$A$ bob of mass $m$ is suspended by a light string of length $L$. It is imparted a horizontal velocity $v_{o}$ at the lowest point $A$ such that it completes a circular trajectory in the vertical plane with the string becoming slack only on reaching the topmost point,$C$. This is shown in the figure. Obtain an expression for: $(i) v_{o}$; $(ii)$ the speeds at points $B$ and $C$; $(iii)$ the ratio of the kinetic energies $(K_{B} / K_{C})$ at $B$ and $C$. Comment on the nature of the trajectory of the bob after it reaches the point $C$.

(N/A) There are two external forces on the bob: gravity and the tension $(T)$ in the string. The latter does no work since the displacement of the bob is always normal to the string. The potential energy of the bob is thus associated with the gravitational force only. The total mechanical energy $E$ of the system is conserved. We take the potential energy of the system to be zero at the lowest point $A$.

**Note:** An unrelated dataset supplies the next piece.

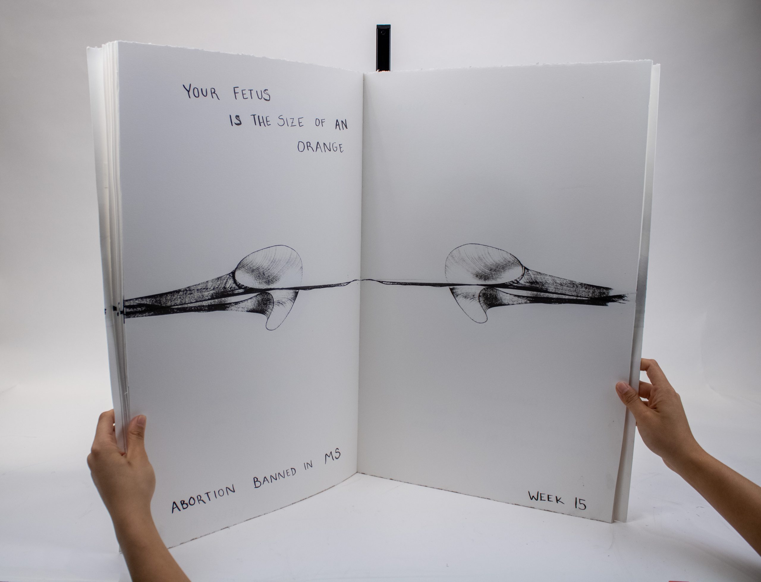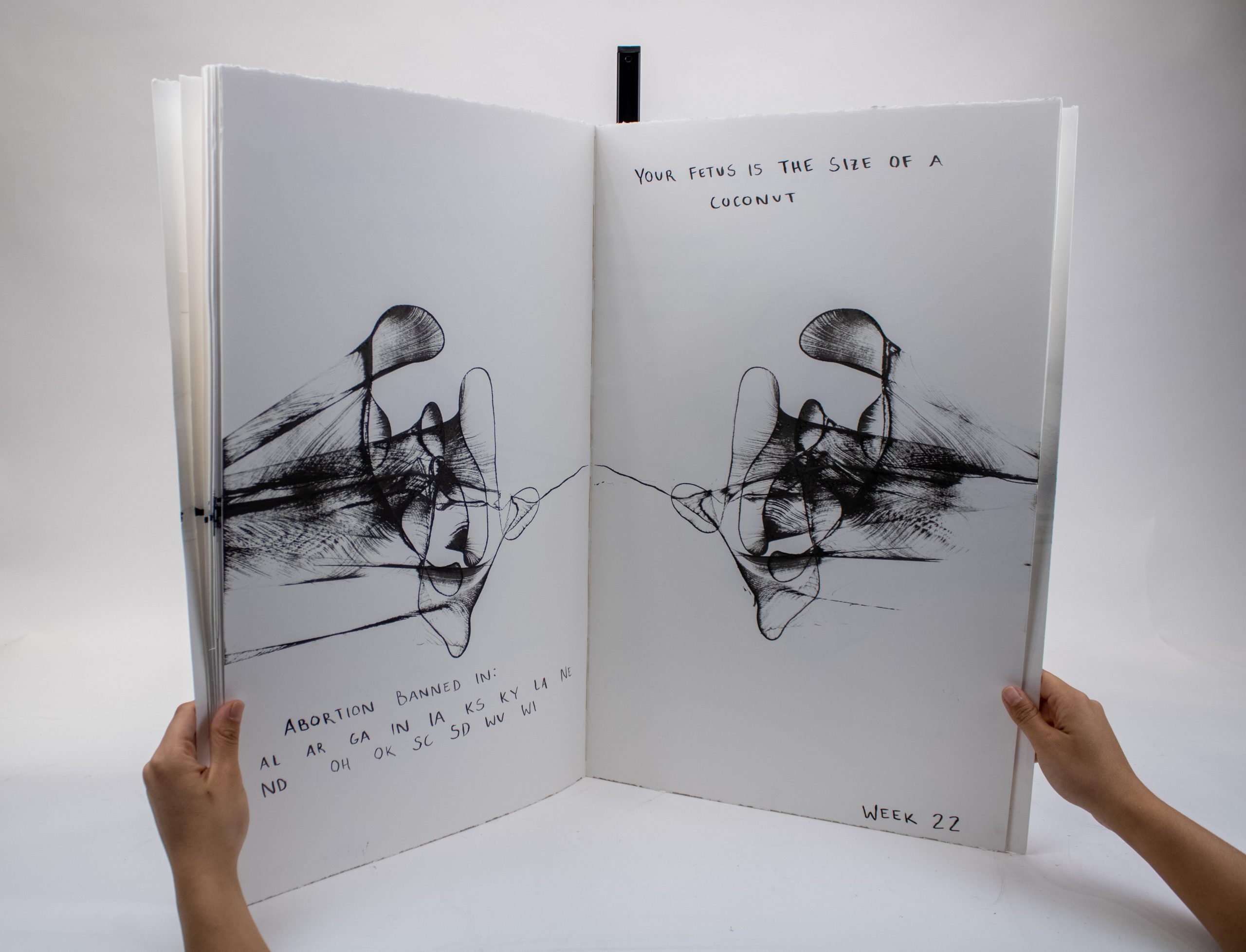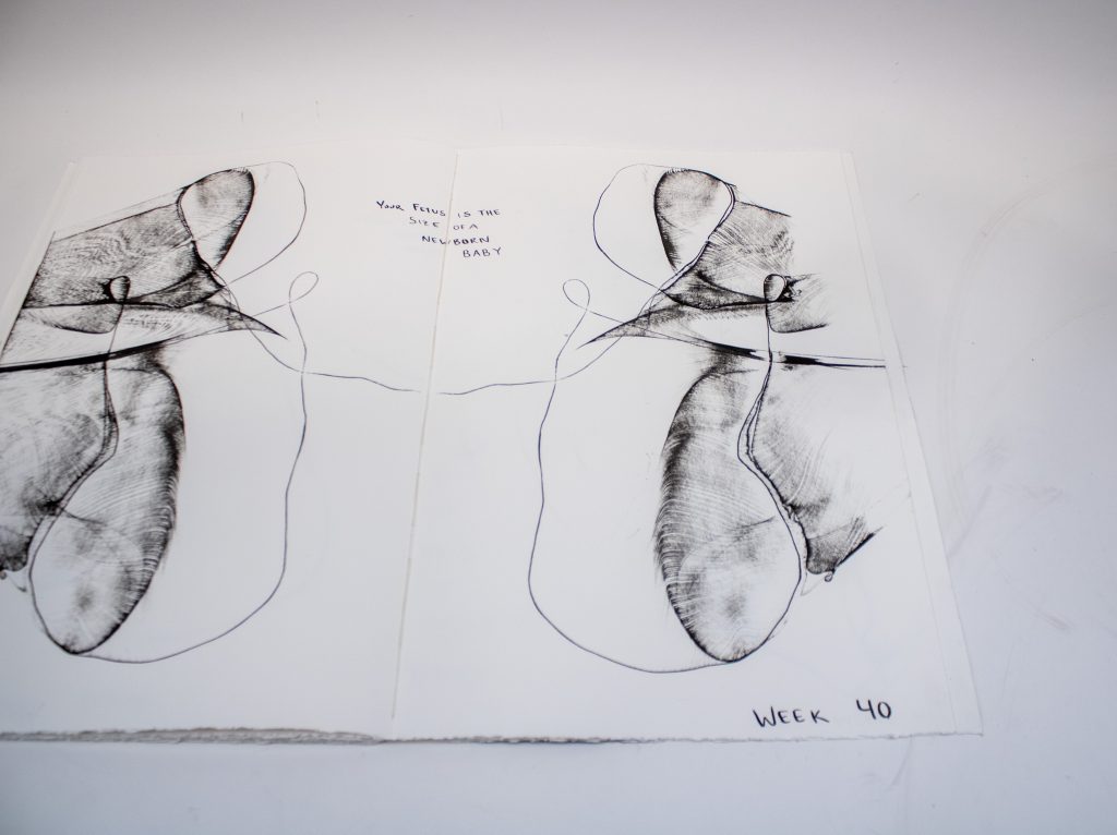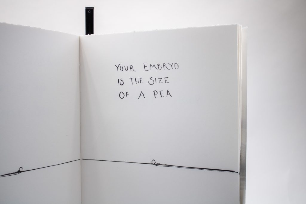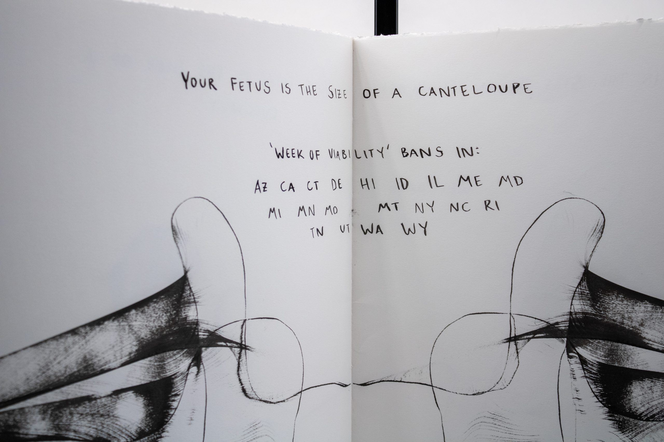 Artist’s Book documenting phases of fetal development to scale with commentary on the artist’s experience with pregnancy, birth, and abortion, as well as notes regarding the legality of abortion across U.S. states at each prenatal stage.

At $A$,the total energy is $E = \frac{1}{2} m v_{o}^{2}$.
At the highest point $C$,the string slackens,meaning the tension $T_{C} = 0$. Applying Newton's Second Law at $C$: $mg = \frac{m v_{C}^{2}}{L}$,which gives $v_{C} = \sqrt{gL}$.
The total energy at $C$ is $E = \frac{1}{2} m v_{C}^{2} + mg(2L) = \frac{1}{2} m(gL) + 2mgL = \frac{5}{2} mgL$.
Equating energy at $A$ and $C$: $\frac{1}{2} m v_{o}^{2} = \frac{5}{2} mgL \implies v_{o} = \sqrt{5gL}$.
At point $B$ (horizontal level),the height is $L$. By conservation of energy: $\frac{1}{2} m v_{o}^{2} = \frac{1}{2} m v_{B}^{2} + mgL$.
Substituting $v_{o}^{2} = 5gL$: $\frac{5}{2} mgL = \frac{1}{2} m v_{B}^{2} + mgL \implies \frac{1}{2} m v_{B}^{2} = \frac{3}{2} mgL \implies v_{B} = \sqrt{3gL}$.
$(iii)$ The ratio of kinetic energies: $\frac{K_{B}}{K_{C}} = \frac{\frac{1}{2} m v_{B}^{2}}{\frac{1}{2} m v_{C}^{2}} = \frac{3gL}{gL} = \frac{3}{1}$.
After reaching point $C$,if the string becomes slack,the bob is under the influence of gravity only. It will follow a parabolic projectile trajectory starting from point $C$ with a horizontal velocity $v_{C} = \sqrt{gL}$.